▶ _Available data_:

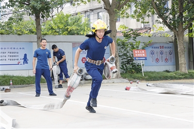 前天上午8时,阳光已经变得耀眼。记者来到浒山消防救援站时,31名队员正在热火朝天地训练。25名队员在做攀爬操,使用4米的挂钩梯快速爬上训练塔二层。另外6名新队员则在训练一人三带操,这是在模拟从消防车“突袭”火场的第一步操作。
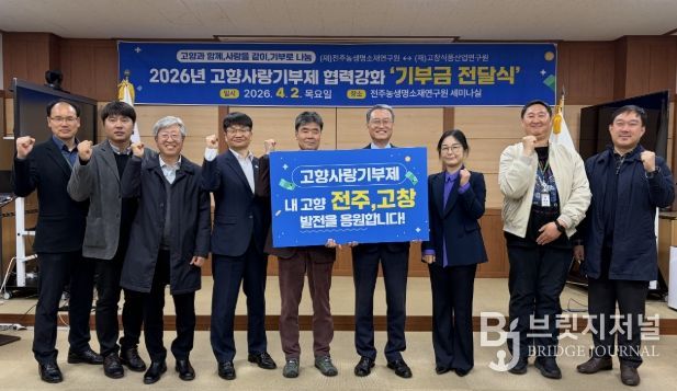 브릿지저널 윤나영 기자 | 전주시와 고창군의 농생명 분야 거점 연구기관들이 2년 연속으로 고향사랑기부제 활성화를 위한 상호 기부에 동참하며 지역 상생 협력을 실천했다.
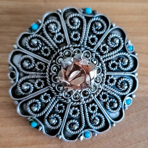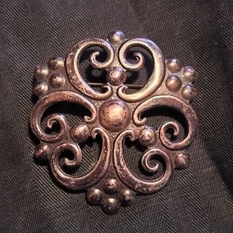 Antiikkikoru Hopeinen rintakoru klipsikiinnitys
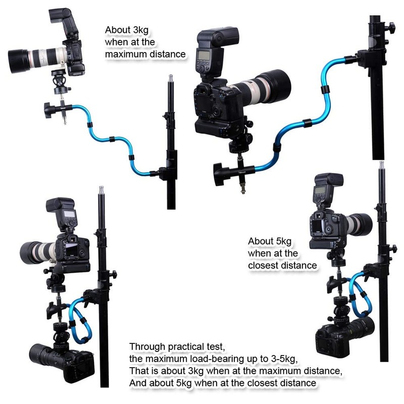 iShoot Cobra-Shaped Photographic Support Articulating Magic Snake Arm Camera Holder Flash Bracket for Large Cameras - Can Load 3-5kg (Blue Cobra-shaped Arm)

▶ _Problem_:
All of the data should come back exactly as written, but without pictures.

▶ _Task response_:
 前天上午8时,阳光已经变得耀眼。记者来到浒山消防救援站时,31名队员正在热火朝天地训练。25名队员在做攀爬操,使用4米的挂钩梯快速爬上训练塔二层。另外6名新队员则在训练一人三带操,这是在模拟从消防车“突袭”火场的第一步操作。
 브릿지저널 윤나영 기자 | 전주시와 고창군의 농생명 분야 거점 연구기관들이 2년 연속으로 고향사랑기부제 활성화를 위한 상호 기부에 동참하며 지역 상생 협력을 실천했다.
 Antiikkikoru Hopeinen rintakoru klipsikiinnitys
 iShoot Cobra-Shaped Photographic Support Articulating Magic Snake Arm Camera Holder Flash Bracket for Large Cameras - Can Load 3-5kg (Blue Cobra-shaped Arm)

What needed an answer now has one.